Montana Outdoors

July 9, 2009

Would a Pipsissewa by any other name still smell as sweet?

On July 6, on a walk along the upper part of Buffalo Bill Creek I took this photo, thinking, well, I don’t know exactly what I was thinking.


Then on the following evening while hiking on a favorite trail that meanders along the Loneman Divide I saw another member of the same species in bloom and realized what I had been thinking the night before. They are very small (the blossoms stand only about 3 inches high) and they always look right at the ground and so photographing them is difficult because it involves getting dirt up your nose and being pricked by wild rose thorns in places that really shouldn’t be mentioned in polite company. However, despite those minor inconveniences along with the additional inconvenience that the sun had just set and another potential inconvenience that a big old bear had recently torn apart a log about 10 feet away looking for grubs, I gave it my best shot.



I am personally indebted to the Cree Indians because I just love the name “Pipsissewa” and it comes from their word “Pipisisikwea”! It’s also known by the name “Prince’s-pine”, although I have absolutely no idea why that is, and the scientific name Chimophila umbellata.


  1. It looks like candy! How beautiful!


    Comment by Tabbie — July 10, 2009 @ 1:06 am

    • I hadn’t thought of that Tabbie, but it does look like candy!


      Comment by montucky — July 10, 2009 @ 9:04 am

  2. “Pipsissewa” What a delightful word for a delightful plant! It looks like the kind of plant a child would invent 🙂 Great close-up!

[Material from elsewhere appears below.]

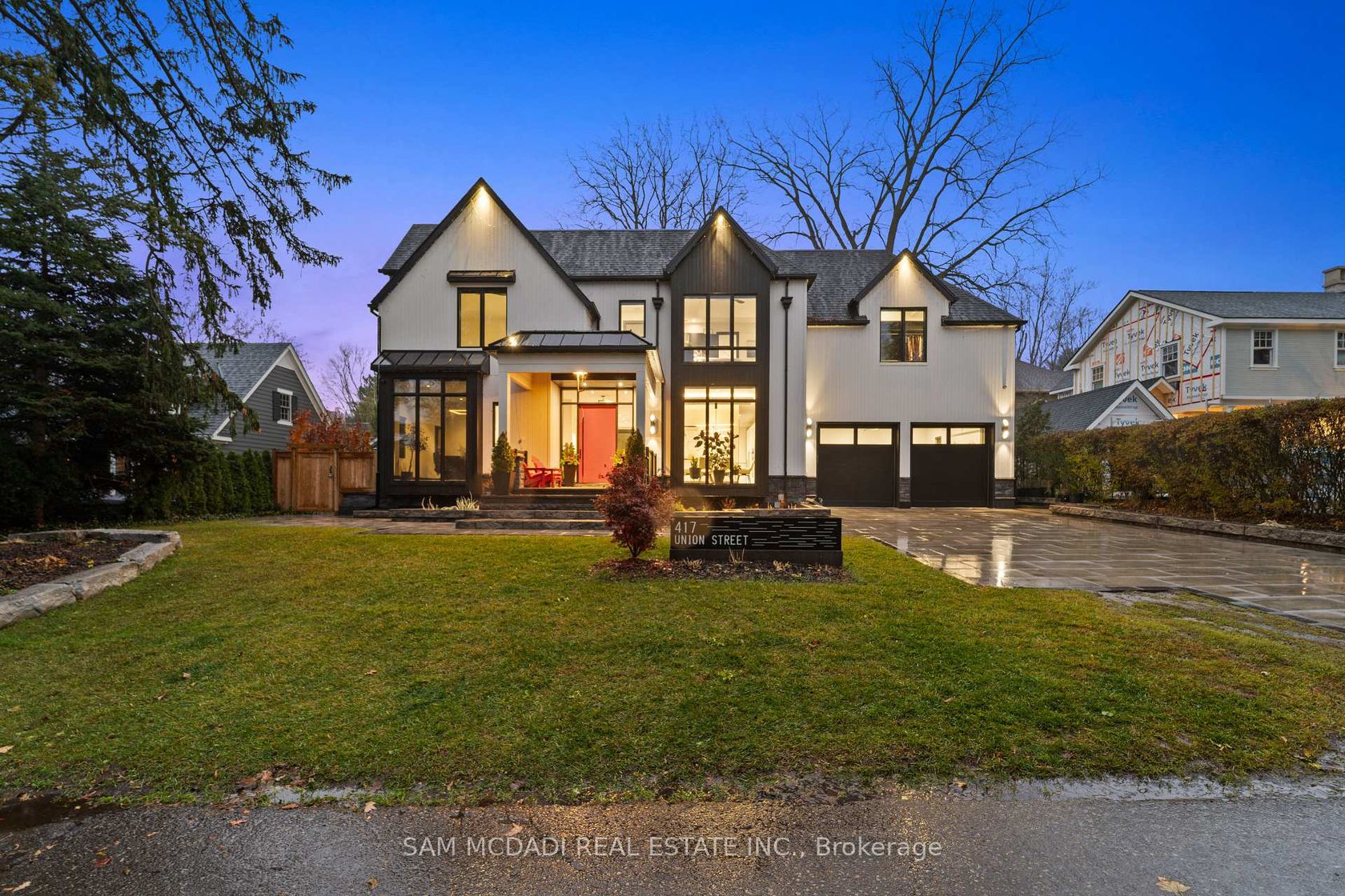 Welcome to 417 Union Street, an exceptional modern home nestled in the heart of prestigious Old Oakville. Completed in 2023, this one-of-a-kind residence blends modern farmhouse inspiration with refined contemporary and traditional design elements, creating a home that is both striking and timeless. The modern farmhouse exterior showcases clean lines, black-framed windows, and a harmonious mix of materials, complemented by a covered porch, professionally landscaped front and back yards, and a stone six-car driveway. The backyard offers a private retreat with a deck, stone patio, and custom garden shed. Inside, the home is filled with natural light and defined by a modern, sleek interior. Wide-plank engineered hardwood flooring, custom ceilings with integrated LED lighting, and large-format matte tiles elevate the main living areas. The chef-inspired kitchen features quartz countertops and backsplash, an oversized centre island, built-in Bosch appliances, and a convenient adjoining servery. A tiered maple staircase with glass railings leads to the upper level, where skylights continue the home's bright and airy feel. The expansive primary suite spans over 700 square feet and offers two walk-in closets and a luxurious five-piece ensuite with double vanity, freestanding tub, and glass-enclosed rainfall shower. Three additional bedrooms each include their own custom three-piece ensuite with modern walk-in showers. The fully finished lower level adds outstanding versatility with a second kitchen, large recreation room, two additional bedrooms with ensuites, and a powder room. Additional highlights include an elevator servicing all three levels, 10-ft ceilings on the main and lower levels, pot lights, blackout blinds, built-in speakers, and a security system. Ideally located minutes from Lake Ontario, parks, trails, Oakville GO, the QEW, and top-ranked schools including Appleby College, this home delivers modern luxury, thoughtful design, and an exceptional lifestyle.

    Comment by Maureen — July 10, 2009 @ 8:27 am

    • That’s probably my favorite flower name. They are fairly common in the forest but so small they are usually not noticed and I’ve read that they are root parasites and so can’t be transplanted.


      Comment by montucky — July 10, 2009 @ 9:10 am

  3. Do you know what Pipisisikwea means?


    Comment by scienceguy288 — July 10, 2009 @ 3:20 pm

    • The meaning of the word is “it breaks into small pieces” because some folks believed that the leaves contained a substance that was supposed to disolve kidney stones.


      Comment by montucky — July 10, 2009 @ 6:30 pm

  4. This is a totally unique little flower. Nice macro shots!! Love them. Thanks for all the indignities getting the shot to bring to us. 😀


    Comment by Iona — July 10, 2009 @ 9:26 pm

    • It is indeed a unique little flower and a pleasure to find. When I’m photographing these tiny wildflowers my elbows usually look as though I just finished a rugby match but that’s OK. I’m always excited to see what the macro lens will disclose.


      Comment by montucky — July 10, 2009 @ 9:52 pm

  5. I guess I missed this post somehow-another wow from me! Pretty colors! Good thing the old bear had already eaten his grubs.


    Comment by Candace — July 11, 2009 @ 11:06 pm

    • This was the first that I saw this summer and I was rather excited to see it. Last night I was walking along an old abandoned trail in another area and there were hundreds of them in full bloom.